Information supplied START

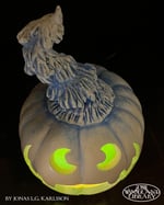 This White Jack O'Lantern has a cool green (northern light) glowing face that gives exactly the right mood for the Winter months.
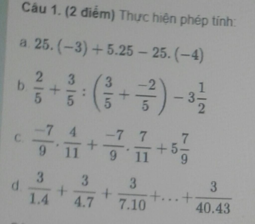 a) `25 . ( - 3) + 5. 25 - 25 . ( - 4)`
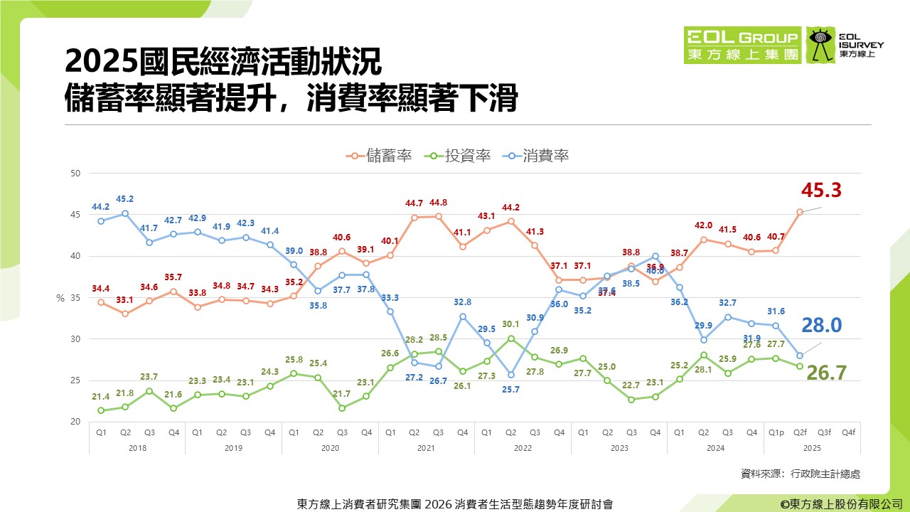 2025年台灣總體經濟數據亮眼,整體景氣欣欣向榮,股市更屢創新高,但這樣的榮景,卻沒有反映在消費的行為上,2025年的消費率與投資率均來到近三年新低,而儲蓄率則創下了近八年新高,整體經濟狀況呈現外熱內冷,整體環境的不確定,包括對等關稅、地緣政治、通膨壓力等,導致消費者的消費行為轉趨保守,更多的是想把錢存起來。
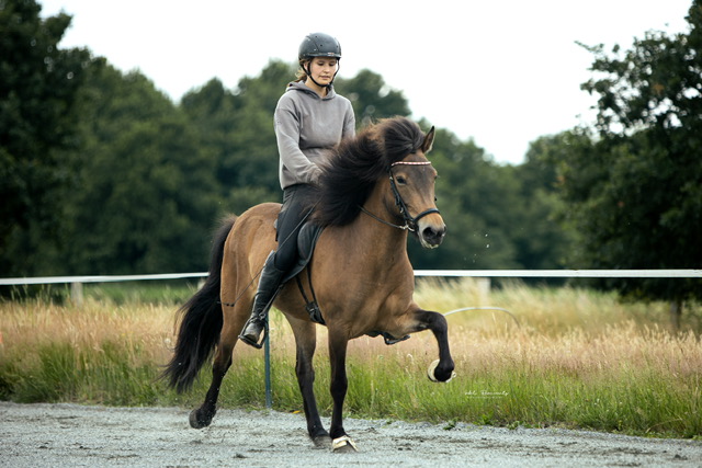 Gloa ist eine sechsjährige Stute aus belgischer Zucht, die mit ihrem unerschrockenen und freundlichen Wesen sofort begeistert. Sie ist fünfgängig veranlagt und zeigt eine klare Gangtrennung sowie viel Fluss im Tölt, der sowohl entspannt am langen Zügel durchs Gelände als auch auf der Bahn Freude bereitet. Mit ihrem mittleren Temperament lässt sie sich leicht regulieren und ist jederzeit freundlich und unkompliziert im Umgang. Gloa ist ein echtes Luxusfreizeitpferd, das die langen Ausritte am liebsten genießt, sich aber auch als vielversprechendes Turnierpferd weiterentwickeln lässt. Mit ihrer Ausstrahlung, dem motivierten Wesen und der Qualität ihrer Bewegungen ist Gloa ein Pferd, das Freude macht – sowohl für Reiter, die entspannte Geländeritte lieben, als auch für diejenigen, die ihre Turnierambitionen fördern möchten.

Information supplied END
Information supplied START

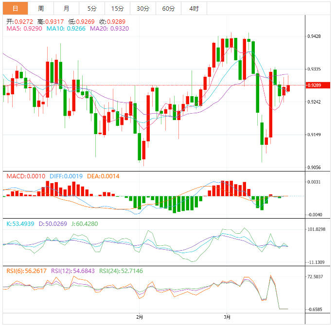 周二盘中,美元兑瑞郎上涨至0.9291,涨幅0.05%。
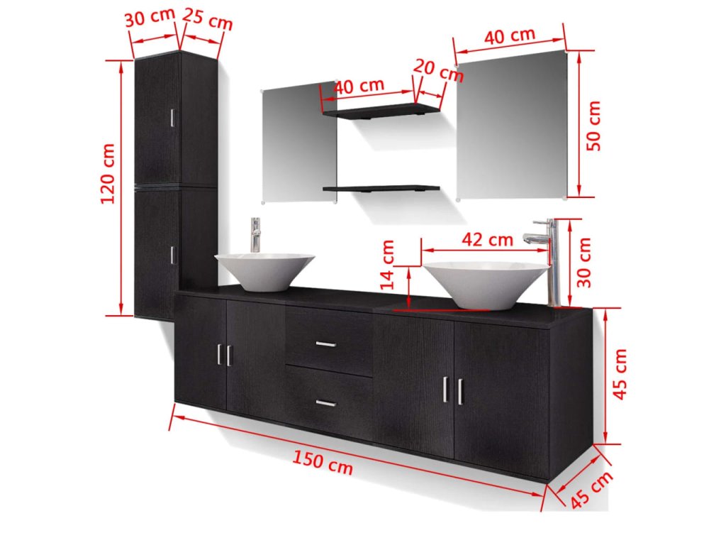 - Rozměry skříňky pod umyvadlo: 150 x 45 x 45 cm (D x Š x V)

Information supplied END
Information supplied START

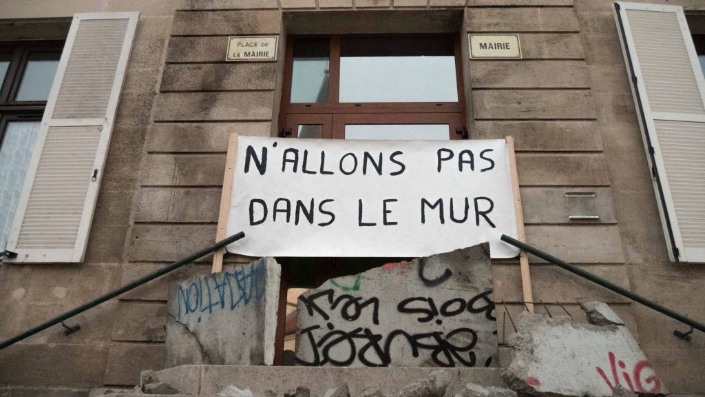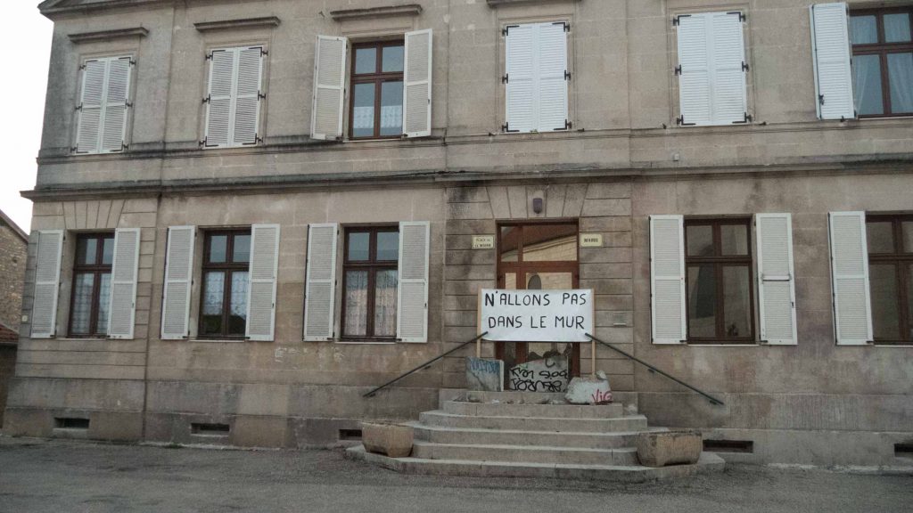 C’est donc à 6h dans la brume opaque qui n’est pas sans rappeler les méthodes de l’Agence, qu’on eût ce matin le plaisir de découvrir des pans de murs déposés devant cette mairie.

Information supplied END

What to work on: Everything above from the line that has "This White Jack" down to the line that has "2025年台灣總體經濟數據亮" should be output exactly, with both of those lines included. Leave the pictures behind.

Task solution:
 This White Jack O'Lantern has a cool green (northern light) glowing face that gives exactly the right mood for the Winter months.
 a) `25 . ( - 3) + 5. 25 - 25 . ( - 4)`
 2025年台灣總體經濟數據亮眼,整體景氣欣欣向榮,股市更屢創新高,但這樣的榮景,卻沒有反映在消費的行為上,2025年的消費率與投資率均來到近三年新低,而儲蓄率則創下了近八年新高,整體經濟狀況呈現外熱內冷,整體環境的不確定,包括對等關稅、地緣政治、通膨壓力等,導致消費者的消費行為轉趨保守,更多的是想把錢存起來。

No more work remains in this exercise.